• _WHAT YOU NEED TO DO_
Nothing but the lines from the first line of the records through the line with "Kit 3 Calcinhas" should be output, exactly as written and free of pictures.

Extracted records:
########################################
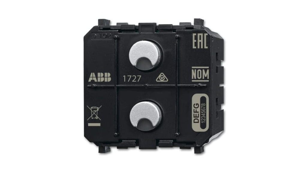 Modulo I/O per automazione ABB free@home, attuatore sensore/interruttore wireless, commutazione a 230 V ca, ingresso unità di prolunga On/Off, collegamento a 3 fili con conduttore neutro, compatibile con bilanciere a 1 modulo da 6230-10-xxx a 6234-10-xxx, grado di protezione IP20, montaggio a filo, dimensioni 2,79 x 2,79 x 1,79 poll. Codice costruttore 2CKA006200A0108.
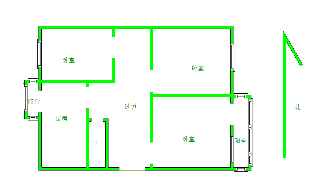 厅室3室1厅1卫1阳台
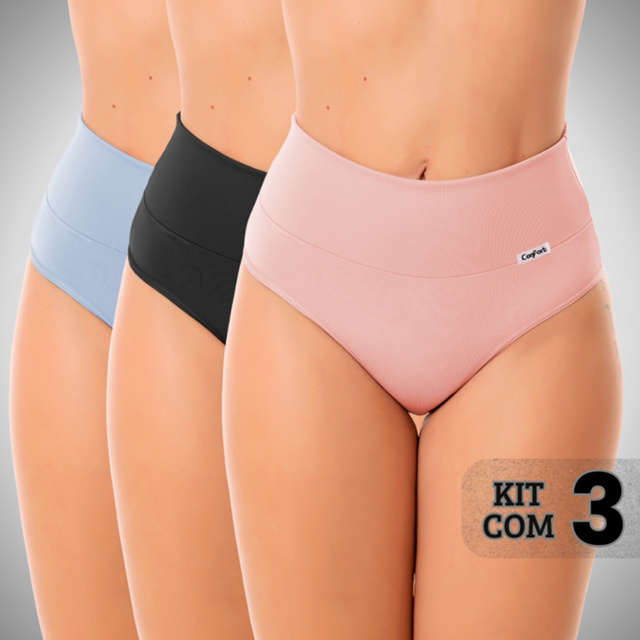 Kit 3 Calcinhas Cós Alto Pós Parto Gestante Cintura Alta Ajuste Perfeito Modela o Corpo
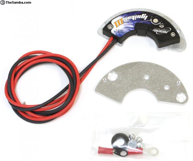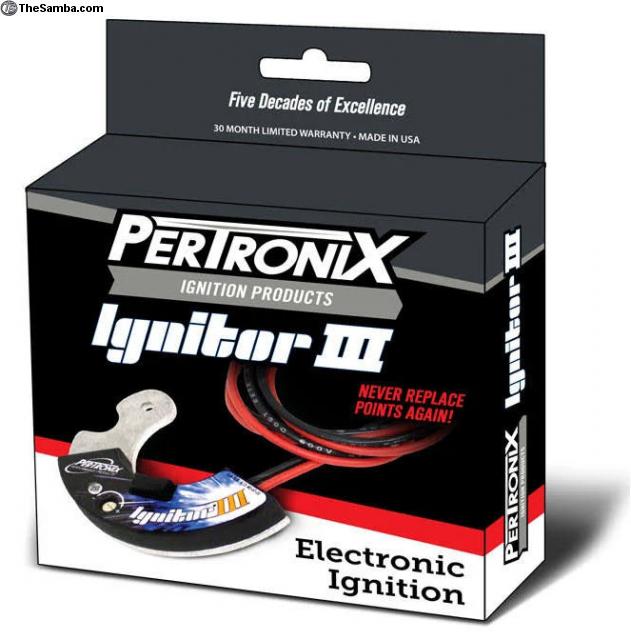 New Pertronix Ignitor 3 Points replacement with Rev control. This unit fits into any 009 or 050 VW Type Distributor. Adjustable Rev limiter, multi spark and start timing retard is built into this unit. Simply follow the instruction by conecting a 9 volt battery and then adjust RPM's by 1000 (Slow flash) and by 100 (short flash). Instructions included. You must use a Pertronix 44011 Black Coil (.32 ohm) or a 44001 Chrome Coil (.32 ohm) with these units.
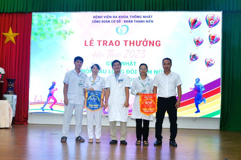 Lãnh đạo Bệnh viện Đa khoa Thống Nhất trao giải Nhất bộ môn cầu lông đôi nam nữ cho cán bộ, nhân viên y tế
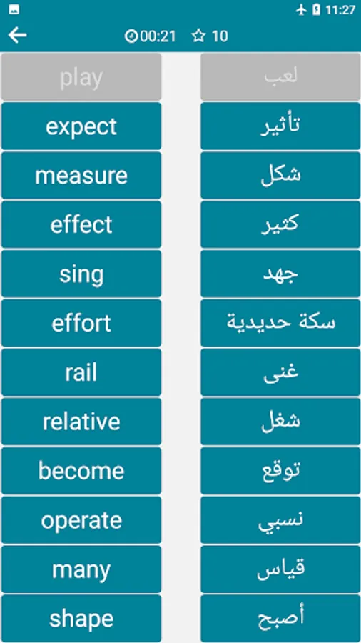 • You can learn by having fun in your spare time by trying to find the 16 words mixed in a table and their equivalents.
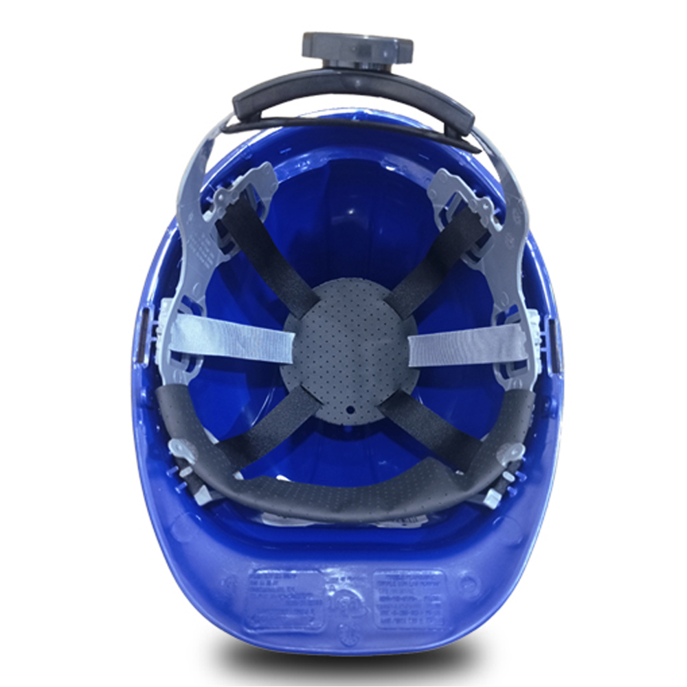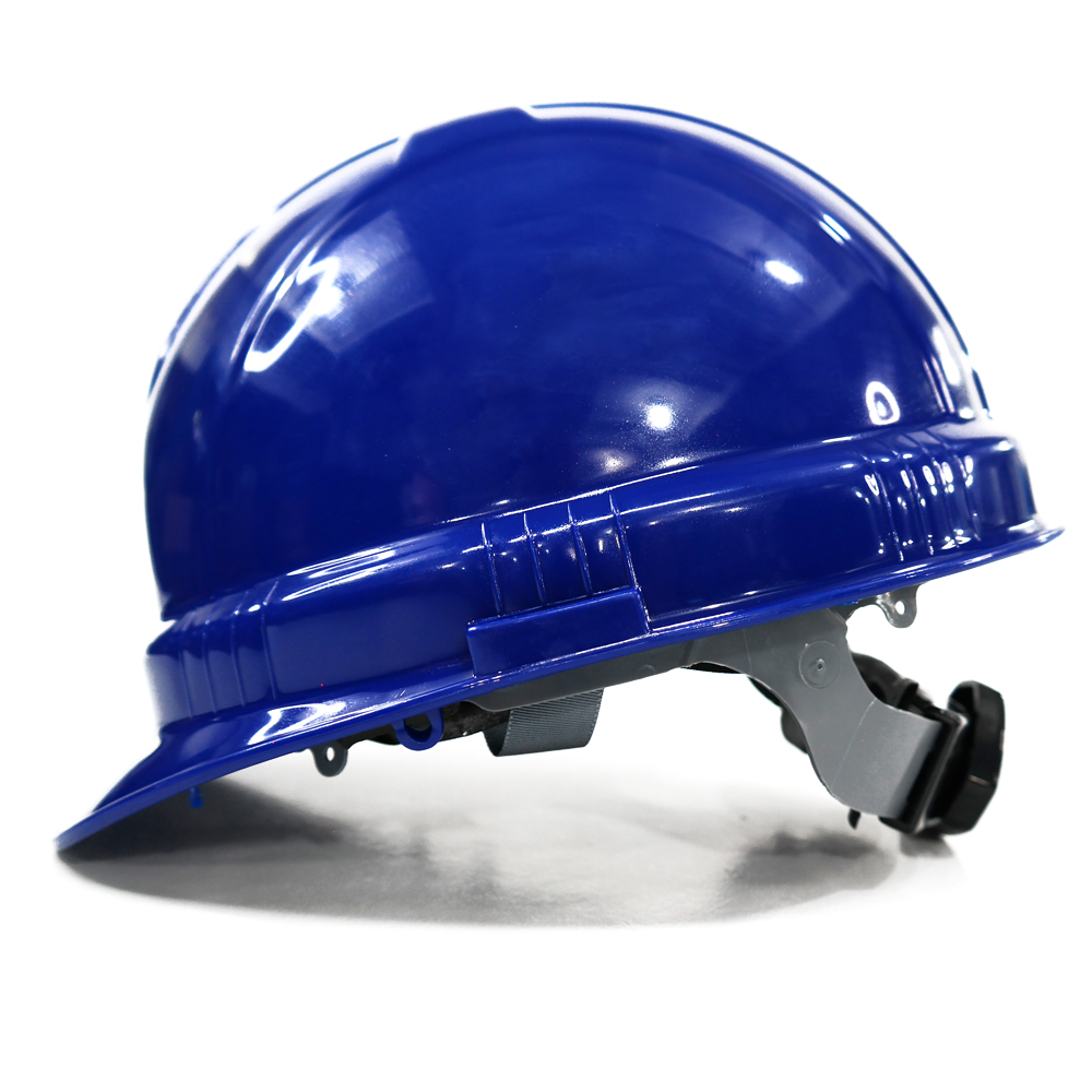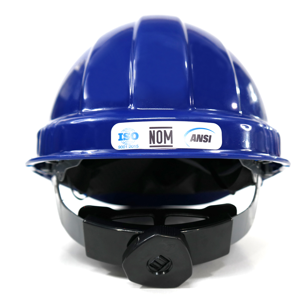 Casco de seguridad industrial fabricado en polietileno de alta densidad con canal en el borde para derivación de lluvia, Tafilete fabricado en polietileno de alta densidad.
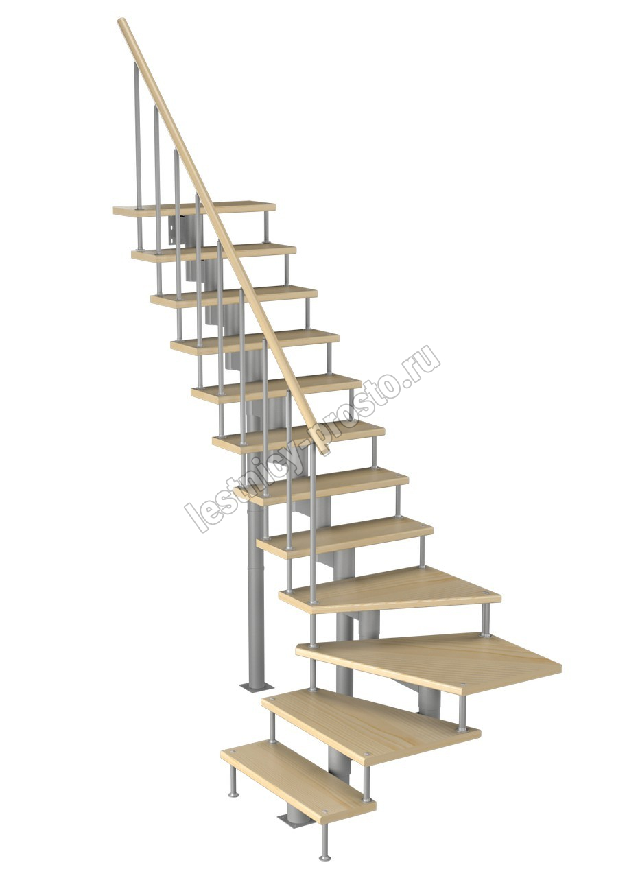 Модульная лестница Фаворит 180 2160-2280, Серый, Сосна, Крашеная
########################################
• _REPLY TO THE EXERCISE_
 Modulo I/O per automazione ABB free@home, attuatore sensore/interruttore wireless, commutazione a 230 V ca, ingresso unità di prolunga On/Off, collegamento a 3 fili con conduttore neutro, compatibile con bilanciere a 1 modulo da 6230-10-xxx a 6234-10-xxx, grado di protezione IP20, montaggio a filo, dimensioni 2,79 x 2,79 x 1,79 poll. Codice costruttore 2CKA006200A0108.
 厅室3室1厅1卫1阳台
 Kit 3 Calcinhas Cós Alto Pós Parto Gestante Cintura Alta Ajuste Perfeito Modela o Corpo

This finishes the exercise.